Change behavior through small modifications to habits and routines.
Microchange management uses a synchronized combination of cues, nudges, and suggestions, along with targeted rewards and recognition. It builds on prominent thinking from books like Nudge and Atomic Habits by applying it to large programs and moving beyond individual tasks and goals to the team and the overall initiative. Each microchange should drive a small modification in a habit or routine. We call this “Routine +1,” a small but positive step that eventually leads to the ultimate behavioral shift with minimum resistance and risk along the way.
We studied 150,000 Infosys workers across 2,500 projects before and during the pandemic to understand how microchange methods were applied on a companywide reskilling initiative. By only changing one learning parameter at a time and providing a steady stream of gentle positive reinforcement, Routine+1 gradually yet successfully changed employee behavior. It reduced friction to learning using a series of individualized nudges on our learning platform. Previously, online training required formal coursework that might take an hour or a series of them that could require an entire day, offered periodically and requiring formal registration. This often became an all-or-nothing scenario, where employees delayed training due to perceived lack of time. Once training was deconstructed to smaller modules and intelligent email nudges provided, employees found it easier to consume training and steadily progress. The result: Infosys employees now average 35 minutes per day on proactive reskilling, which in turn helps them develop new routines and meet learning and business objectives.
Continuously measure, learn, and evolve.
As microchange programs are deployed, you need to frequently assess these initiatives to ensure they accomplish desired outcomes. When they deviate, analyze the data, rethink, and course correct through iteration. Embed change measurement into existing tools and evaluate for convenience, adoption, behavior, and value.
Our research found that pilot projects should include 2.5% of the eventual user population. Learnings from the pilot should be used to refine and scale the rollout across the entire user base. Adoption becomes significant when it reaches between 20 to 40%, and then becomes standard at 60%. At 80%, it is considered assimilated into the organization and culture. To measure adoption autonomously, the process should be instrumented to produce data like usage patterns that can provide feedback for corrective action.

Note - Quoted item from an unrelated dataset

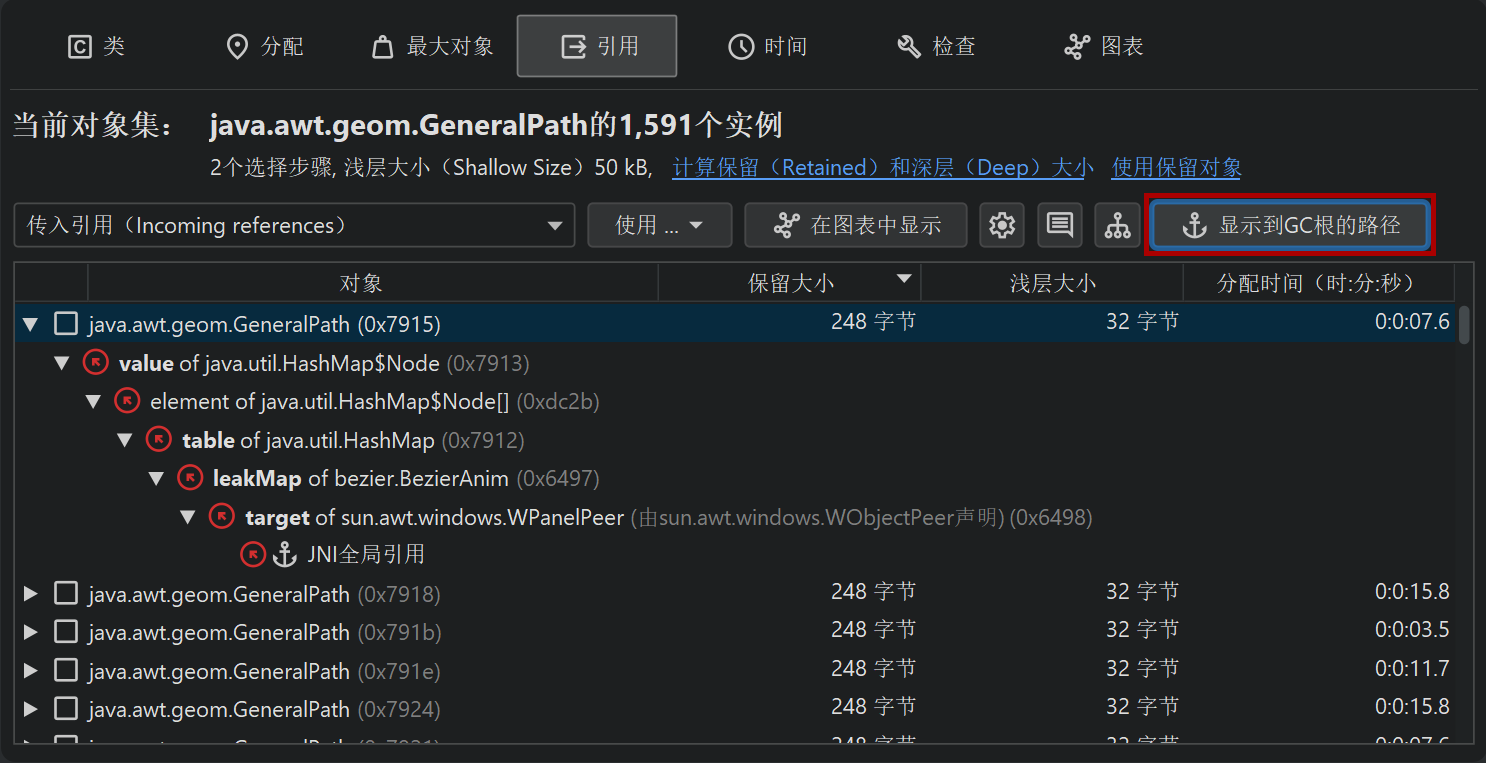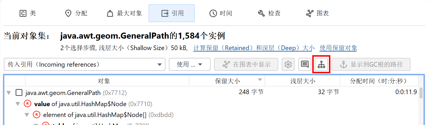 支配引用树中的每个节点都会告诉您,如果消除该引用,当前对象集中有多少对象将有资格进行垃圾收集。由多个垃圾收集器根引用的对象可能没有任何支配的传入引用,因此该视图可能只对一部分对象有帮助,或者甚至可能为空。在这种情况下,您必须使用合并传入引用视图并逐个消除垃圾收集器根。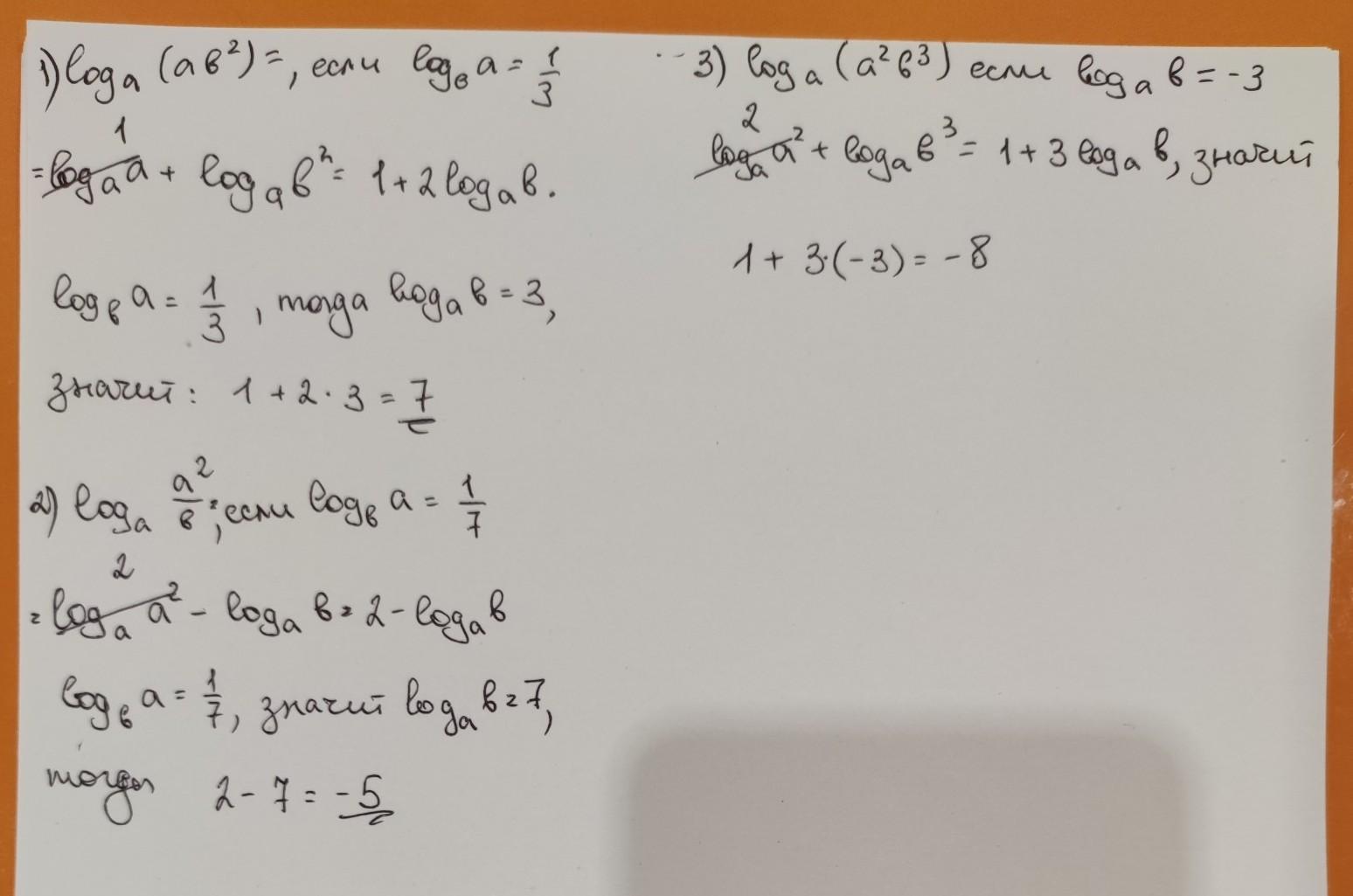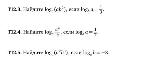 тупо подставляйте в формулы. смотрим первый логарифм: разделим его. получим loga по основанию а + logb по основанию а. первый равен 1, второй поменяем местами значение с основанием. это будет равно 1/loga по основанию b =1+1:1/3=1+3=4

For example, as part of our digital transformation efforts, Infosys wanted to move from a series of desktop-based employee applications, many of which required in-office or VPN access, to mobile. This required major changes to both the user interface and the underlying security of the apps. To ensure employees would adopt the mobile apps, the project team led users through a series of small changes through animated email hints, activity recommendations, and credential badges. The 2.5% pilot user base was engaged on multiple releases to generate early feedback that accelerated adoption. Combined with the steady six-week release cadence of incremental functionality, this resulted in more than 200,000 employees (>80%) adopting the mobile version.
To measure microchange adoption, especially for software-driven experience and features, we developed the two-dimensional evaluation framework shown below.
Every organization has a distinct vision and must find their own pathway to fulfill it. Microchange management provides a low-risk, agile approach to deconstruct complex transformations into manageable change, minimizing the leap of faith required to reach the other side. Over time, this leads to real adoption: the ultimate goal for leaders in any transformation initiative.
Editor’s Note (5/4): This piece has been updated to restore a statistic about Infosys employee reskilling that was dropped due to an editing error, and to credit the Large Scale Adoption Framework.